Your answer should contain only the lines from the top of the data below down through the one with "キャバドレス long[OF05] [OK3008-W-2510]", transcribed exactly and without pictures; please include nothing more.

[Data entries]
= = =
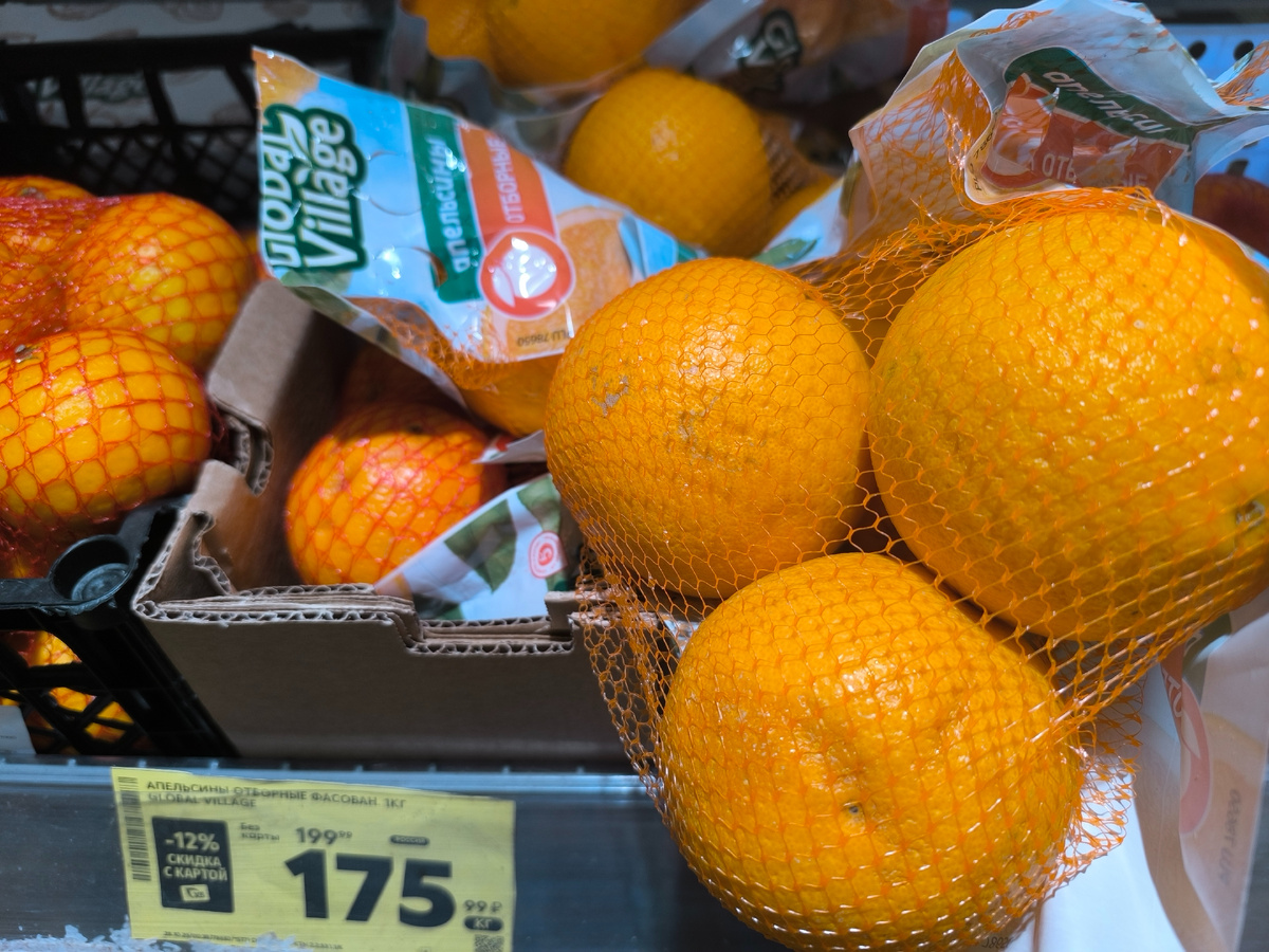 Давненько не выкладывала вам актуальные цены в московской "Пятерочке". Сфотографировала цены на некоторые продукты, которые иногда покупаем. Завтра приезжает папа в поликлинику и зайдёт на обед. Соберу ему с собой покушать. Буду готовить щи, винегрет и тефтельки с картофельным пюре. На подходе к магазину по количеству входящих и выходящих покупателей видно, что торговля кипит. В октябре ещё можно купить недорогие овощи и фрукты российского производства. Ну так я думала, когда заходила в супермаркет. Очень мне нравится новый дизайн "Пятёрочек" (который на само деле уже далеко не новый). Мне очень нравится супермаркет "Пятёрочка" возле нашего дома. Он относительно большой, и в нём всегда чисто, светло и хорошо пахнет выпечкой, а ещё в нём есть аптека. Прилавки и витрины заполнены фруктами и овощами. Правда фрукты уже почти все привозные, за исключением сезонных яблок, а овощи в основном местного производства на разные кошельки, особенно это заметно по ценам на помидоры. Апельсины 175 ру
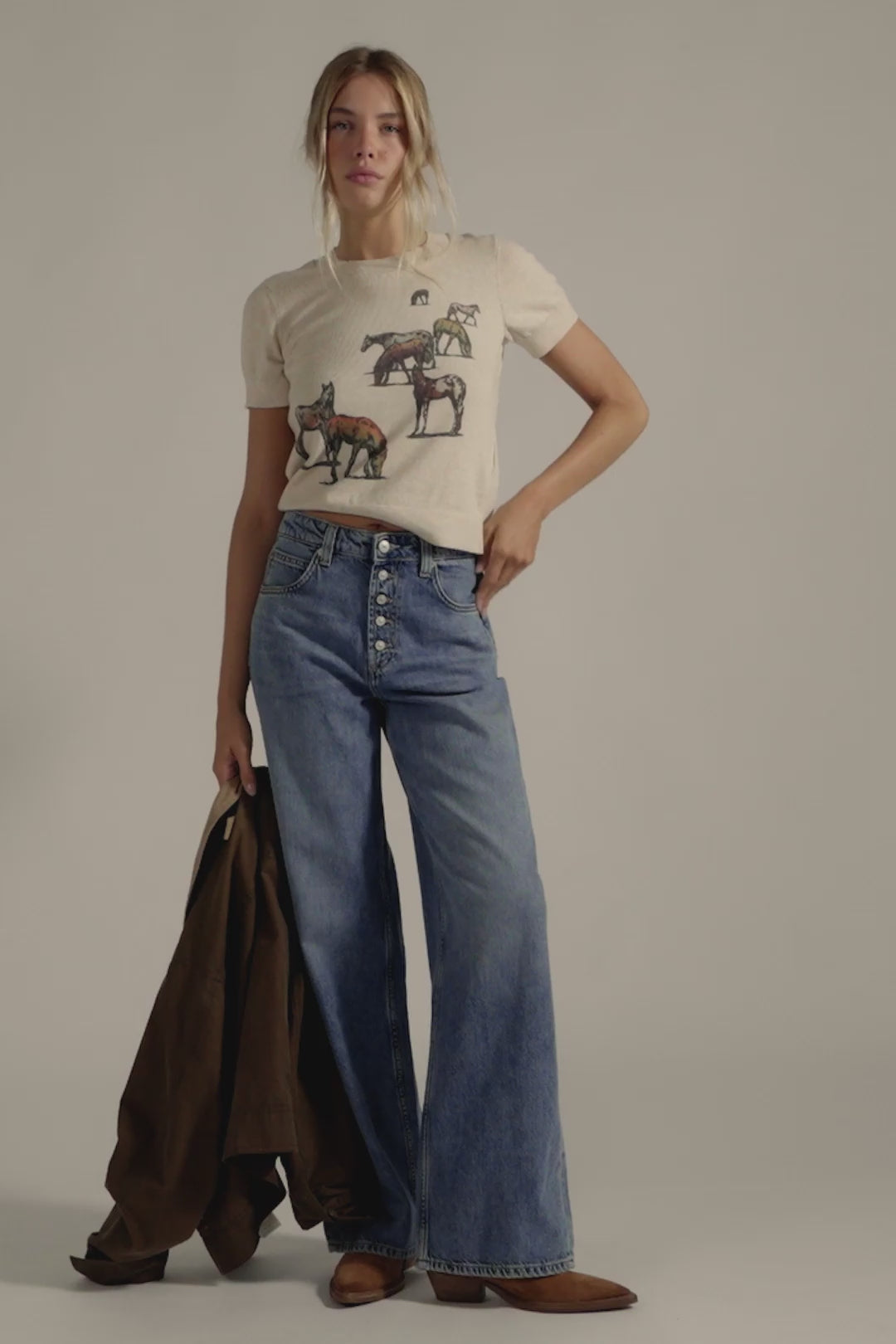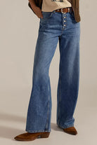 - Exposed button fly closure,, five-pocket design, puddled hemline
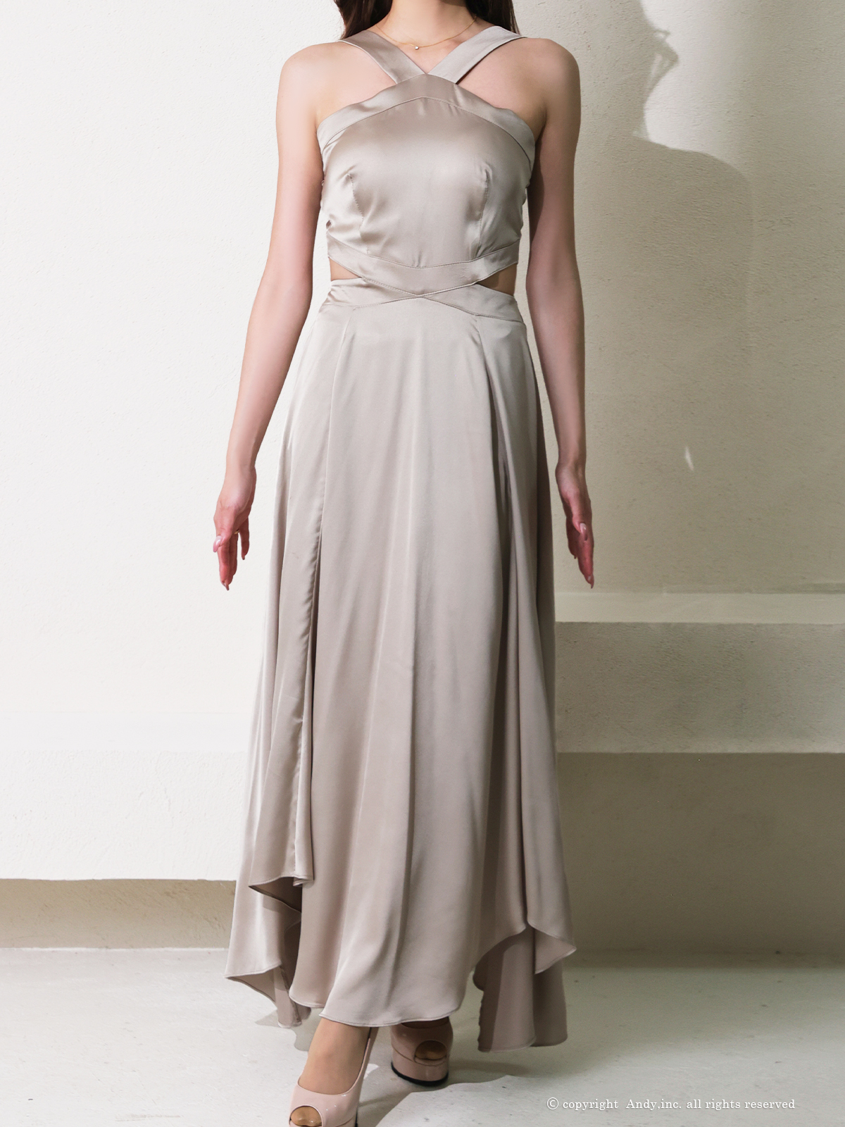 【Andy GLAMOROUS/アンディグラマラス】クロスホルター/ ウエストカット/ シンプル/ ロングドレス/ キャバドレス long[OF05] [OK3008-W-2510]
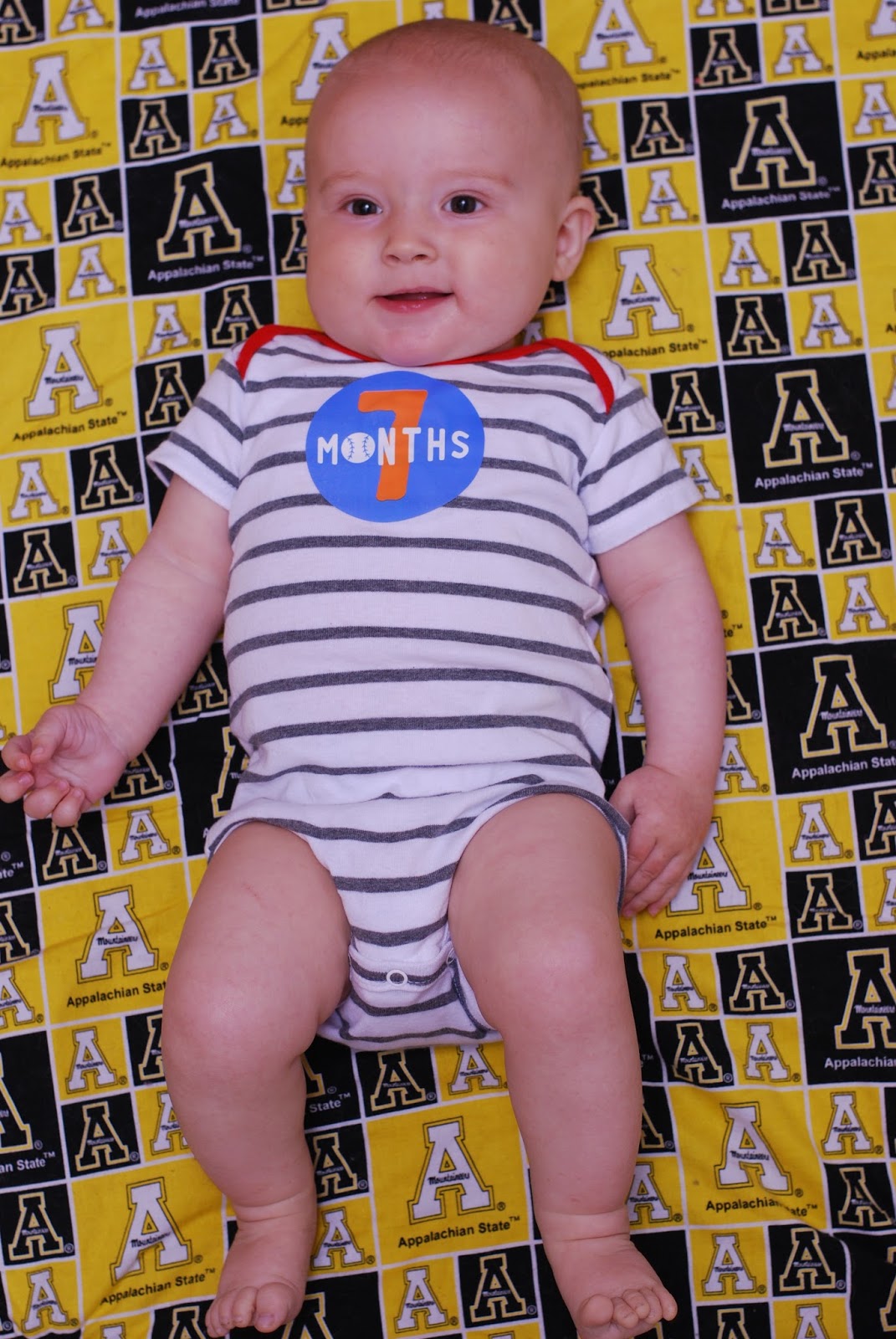 Joey is 7 months... wow! He is such a happy baby, loves to be held by everyone, is very active and into everything he can reach, thinks most everything is funny (especially mama tickling him and being "dropped" from high to low), loves his bouncer and loves his siblings.
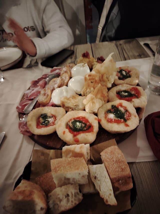 Montanara, culatello,burrata,fiore di zucca con burrata e alici, tortino di patate guanciale e scamorza bruschetta con il lardo di colonnata
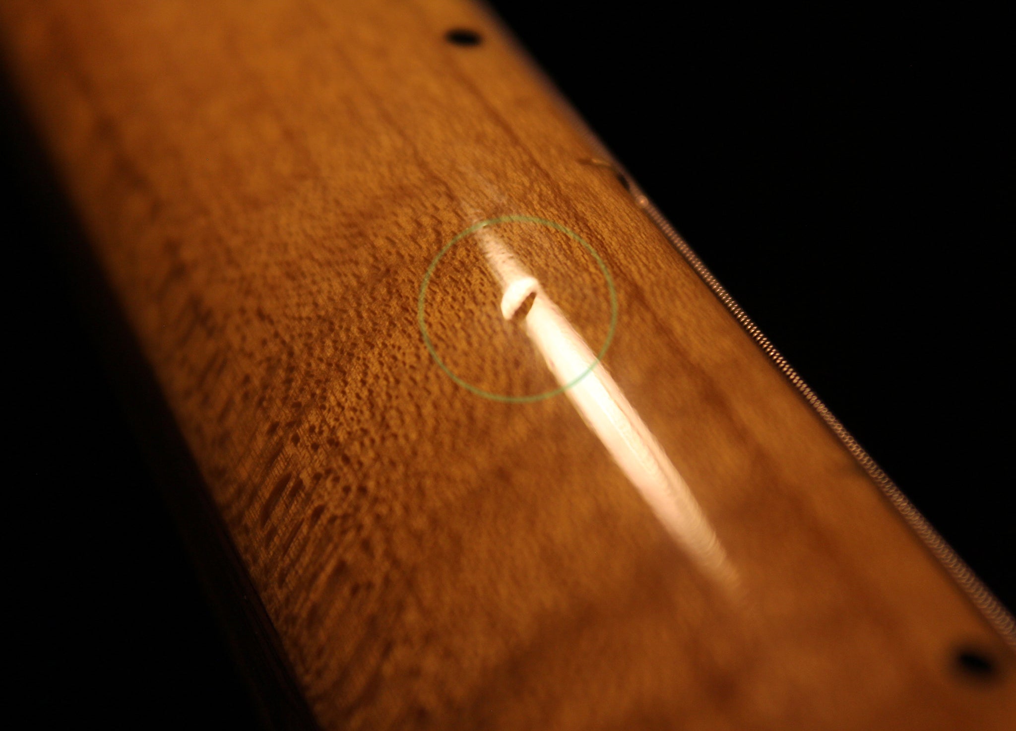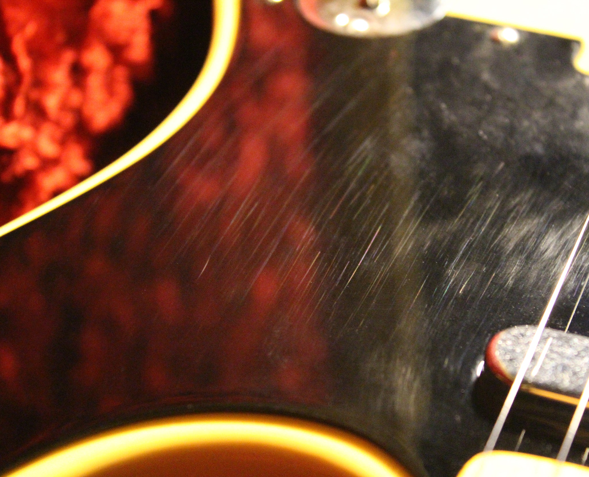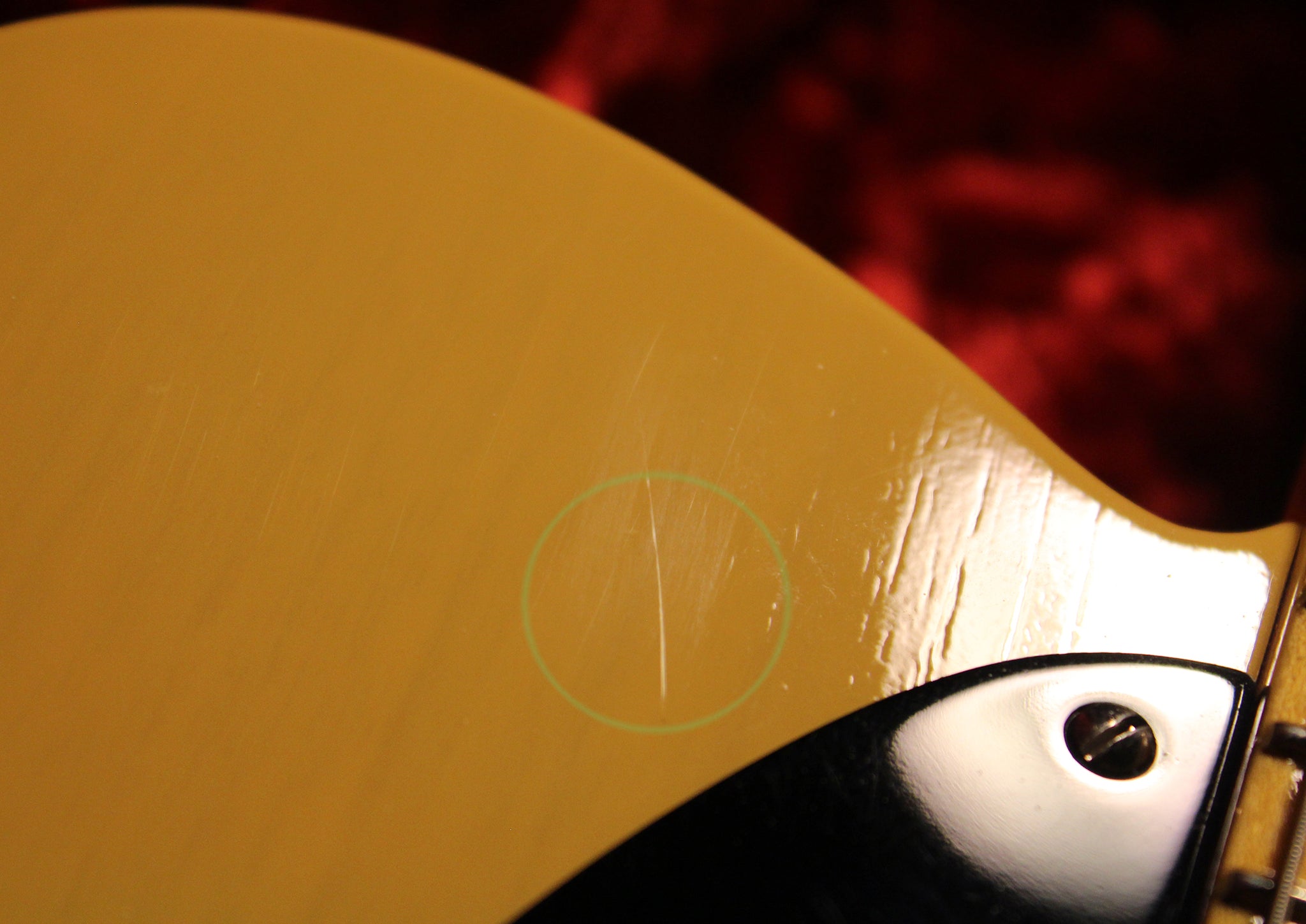 *This guitar has one very tiny ding between the third and fourth frets, a thin, light scratch and minor ware on the pickguard.* They're basically invisible and it took time to find a glare to show them :)
= = =
» Reply to the exercise:
 Давненько не выкладывала вам актуальные цены в московской "Пятерочке". Сфотографировала цены на некоторые продукты, которые иногда покупаем. Завтра приезжает папа в поликлинику и зайдёт на обед. Соберу ему с собой покушать. Буду готовить щи, винегрет и тефтельки с картофельным пюре. На подходе к магазину по количеству входящих и выходящих покупателей видно, что торговля кипит. В октябре ещё можно купить недорогие овощи и фрукты российского производства. Ну так я думала, когда заходила в супермаркет. Очень мне нравится новый дизайн "Пятёрочек" (который на само деле уже далеко не новый). Мне очень нравится супермаркет "Пятёрочка" возле нашего дома. Он относительно большой, и в нём всегда чисто, светло и хорошо пахнет выпечкой, а ещё в нём есть аптека. Прилавки и витрины заполнены фруктами и овощами. Правда фрукты уже почти все привозные, за исключением сезонных яблок, а овощи в основном местного производства на разные кошельки, особенно это заметно по ценам на помидоры. Апельсины 175 ру
 - Exposed button fly closure,, five-pocket design, puddled hemline
 【Andy GLAMOROUS/アンディグラマラス】クロスホルター/ ウエストカット/ シンプル/ ロングドレス/ キャバドレス long[OF05] [OK3008-W-2510]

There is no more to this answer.